# Has any fighter ever inspired you or been your idol?



## Rush (Jun 18, 2006)

For me no not really. Mixed martial arts doesn't inspire me in any way its just fun to watch lol. Well, maybe its taught me a few techniques but no fighter has ever been my idol or inspired me. Maybe Bas Rutten but thats about it. Anyone else?


----------



## jdun11 (Apr 23, 2006)

Not Any Mma Fighter Really, Maybe Tito, Cuz Of His Work Ethic..but As Stupid As This Sounds I Cant Watch A Rocky Movie Without Being Inspired..you Cant Tell Me That When U Watch Rocky Movies, Your Juices Dont Get Flowin And Watchin Him Train Like An Animal..i Dunno Man, I Use It As An Inspiration Because I Bet There Are Alot Of Real Fighters Just Like That And It Pushes Me To Push Myself To The Max..


----------



## Spit206Fire (Jul 17, 2006)

I personally like sean sherk alot. I donno if i'd call him an Idol, but he's definetaly the guy id most like to train with and train under.


----------



## Punishment 101 (May 4, 2006)

Well what inspired me to join wrestling was watching Matt hughes and Tito dominate in the late 90's early 2000'a... i loved their styles , they are my 2 all time favourites still to this day.


----------



## Rush (Jun 18, 2006)

Matt Hughes didn't start to dominate until after that loss to Dennis Hallmas which was about 2001. He didn't start dominating until then. But Tito hes dominated ever since he joined UFC. He also has the best cardio and endurance. Thats why once he is done he is going to be inducted into the hall of fame for sure. I'm inspired by Tito too and his trash talking. Hes so good at it.


----------



## brownpimp88 (Jun 22, 2006)

i was inspired by frank shamrock's greatness, seriously i fear how talented that guy was, it was scary.


----------



## TKOSPIKE (Jul 7, 2006)

brownpimp88 said:


> i was inspired by frank shamrock's greatness, seriously i fear how talented that guy was, it was scary.

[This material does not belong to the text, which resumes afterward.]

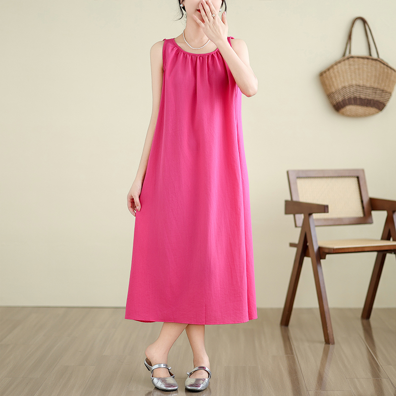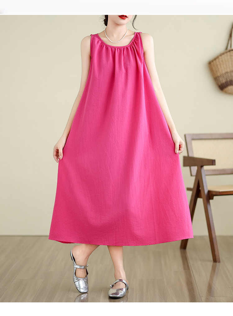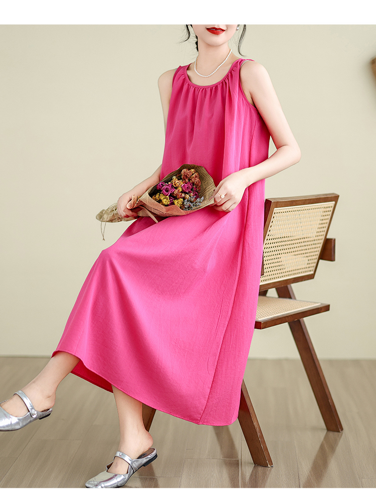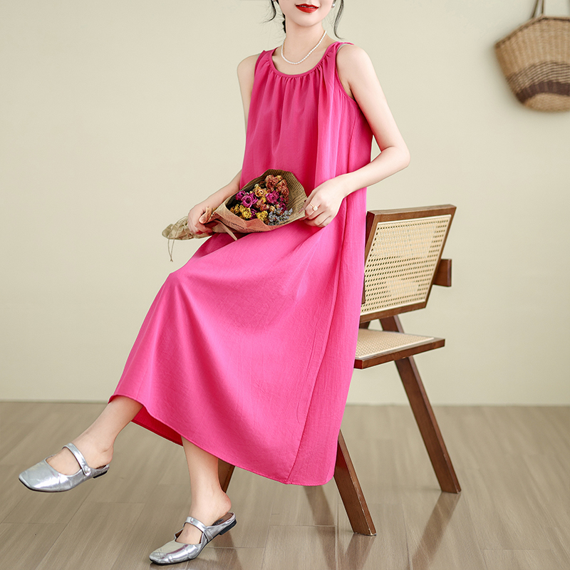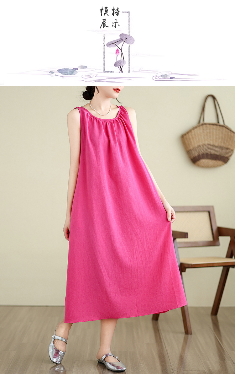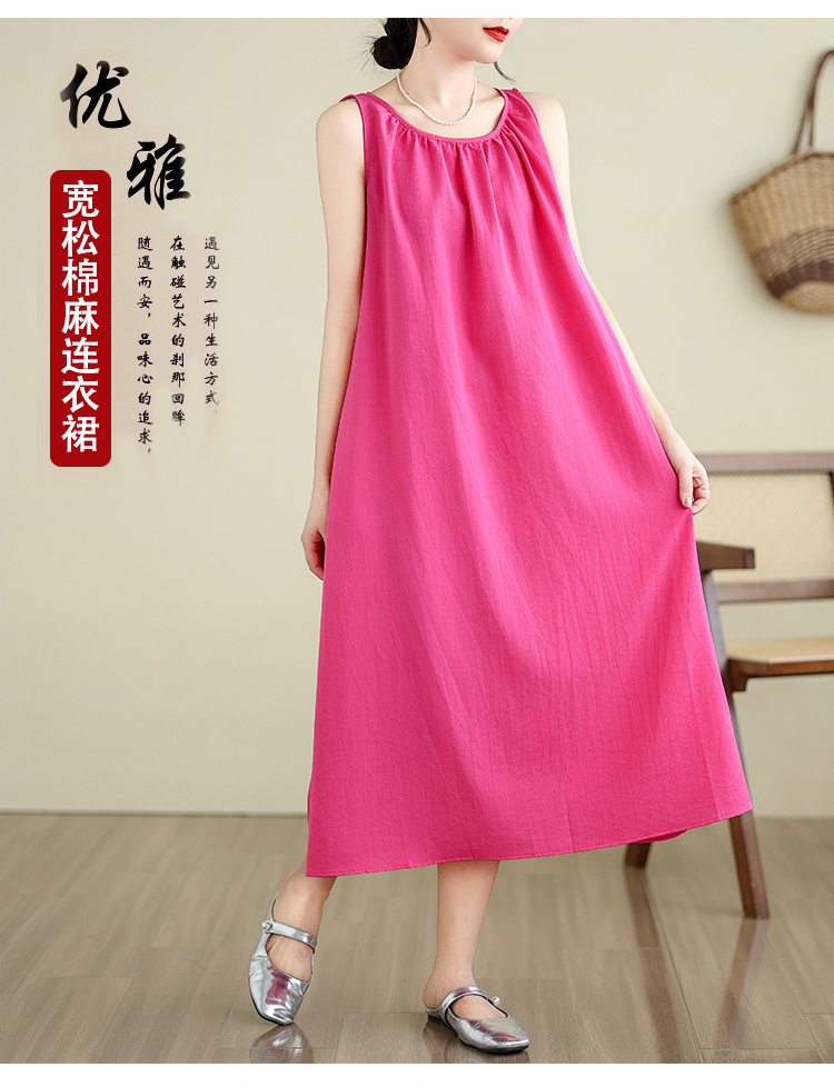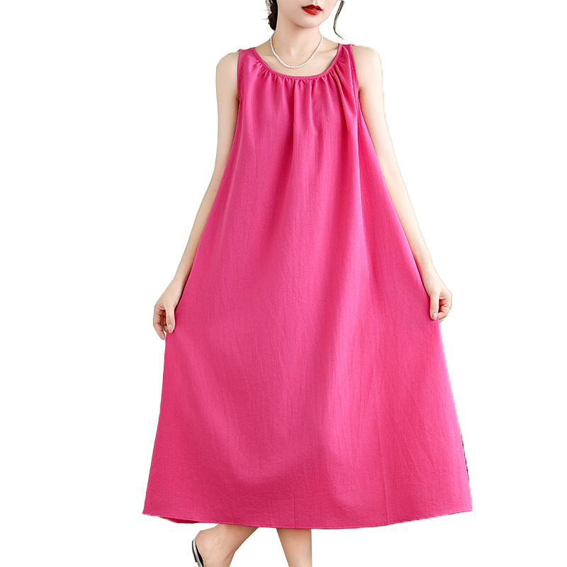 실사 여름 드레스 빅 사이즈 여성 의류 민소매 드레스 슬림해 보이는 해변가 휴가 조끼 행침 목 롱 스커트 m-4xl200 근

hehe of course , if he came back to the ufc he would be like the matt hughes of the middleweight/light heavyweight division. i would love to see him dominate ace, the crow, liddell, babalu, tito once again oh goshh i can see it now. lol but i heard he wants to fight sakuraba in pride. hopefully it happens.


----------



## Kameleon (Apr 20, 2006)

*I wouldn't say that any fighter is my idol or has inspired me to fight, although I agree with jdun11 about the Rocky movies. If I could train under a fighter it would be CroCop to work on my stand-up game and Matt Hughes for ground and pound, which probably suits me more.*


----------



## Spit206Fire (Jul 17, 2006)

lol tito didn't dominate when he started and he didn't have great cardio either.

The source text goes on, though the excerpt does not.